Steven Brill spent seven months analyzing hundreds of bill from hospitals, doctors, and drug companies and medical equipment manufacturers to find out who is setting such high prices and pocketing the biggest profits. What he discovered, outlined in detail in the cover story of the new issue of TIME, will radically change the way you think about our medical institutions:

· Hospitals arbitrarily set prices based on a mysterious internal list known as the “chargemaster.” These prices vary from hospital to hospital and are often ten times the actual cost of an item. Insurance companies and Medicare pay discounted prices, but don’t have enough leverage to bring fees down anywhere close to actual costs. While other countries restrain drug prices, in the United States federal law actually restricts the single biggest buyer—Medicare—from even trying to negotiate the price of drugs.

· Tax-exempt “nonprofit” hospitals are the most profitable businesses and largest employers in their regions, often presided over by the most richly compensated executives.

· Cancer treatment—at some of the most renowned centers such as Sloan-Kettering and M.D. Anderson—has some of the industry’s highest profit margins. Cancer drugs in particular are hugely profitable. For example, Sloan-Kettering charges $4615 for a immune-deficiency drug named Flebogamma. Medicare cuts Sloan-Kettering’s charge to $2123, still way above what the hospital paid for it, an estimated $1400.

· Patients can hire medical billing advocates who help people read their bills and try to reduce them. “The hospitals all know the bills are fiction, or at least only a place to start the discussion, so you bargain with them,” says Katalin Goencz, a former appeals coordinator in a hospital billing department who now works as an advocate in Stamford, CT.

Brill concludes:

The health care market is not a market at all. It’s a crapshoot. Everyone fares differently based on circumstances they can neither control nor predict.

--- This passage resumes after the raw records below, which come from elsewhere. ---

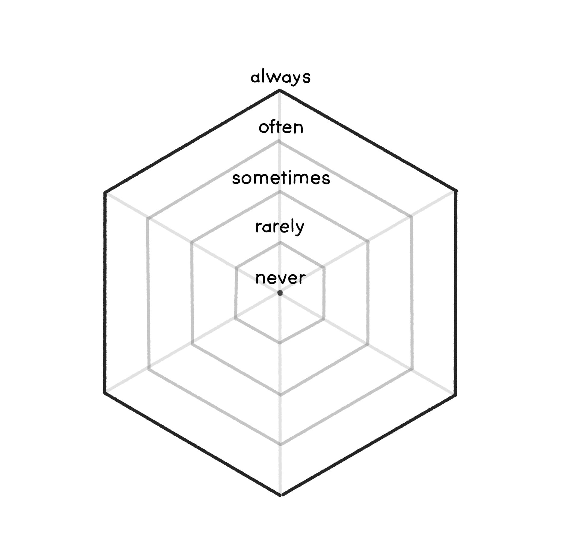 For each "focus" I will plot a score of 0-4 on the graph as defined below, a 0 meaning "this activity never focuses on this" and a 4 meaning "this activity always focuses on this" with a few steps in between for ambiguity.
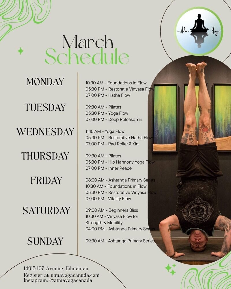 Discover Atma Yoga in Edmonton, a boutique studio dedicated to transforming your practice through a variety of yoga styles, including Hatha, Vinyasa, and Yin. With small class sizes and a warm, inclusive atmosphere, it’s the perfect place to feel supported and inspired on your wellness journey. Join us and experience yoga that nurtures both mind and body.
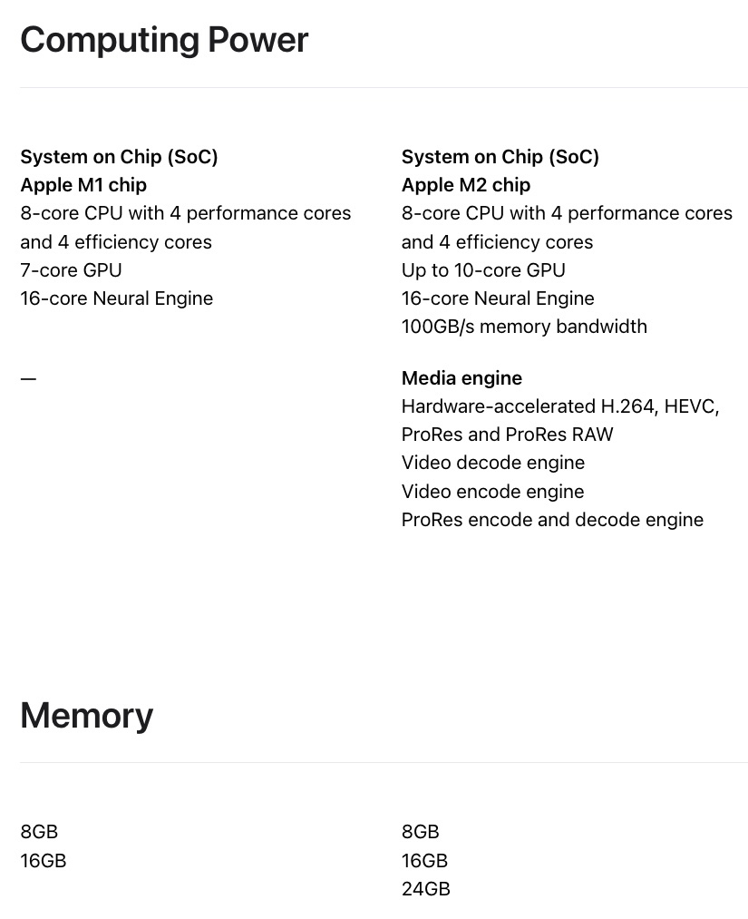 Leads one to believe there's no media engine in the M1, whereas in reality they've beefed it up and given it ProRes. And IIRC the M1 has 70GB/s memory bandwidth, not... well, none.

They may have no insurance. They may have insurance, but their employer chooses their insurance plan and it may have a payout limit or not cover a drug or treatment they need. They may or may not be old enough to be on Medicare or, given the different standards of the 50 states, be poor enough to be on Medicaid. If they’re not protected by Medicare or protected only partially by private insurance with high co-pays, they have little visibility into pricing, let alone control of it. They have little choice of hospitals or the services they are billed for, even if they somehow knew the prices before they got billed for the services. They have no idea what their bills mean, and those who maintain the chargemasters couldn’t explain them if they wanted to. How much of the bills they end up paying may depend on the generosity of the hospital or on whether they happen to get the help of a billing advocate. They have no choice of the drugs that they have to buy or the lab tests or CT scans that they have to get, and they would not know what to do if they did have a choice. They are powerless buyers in a sellers’ market where the only consistent fact is the profit of the sellers.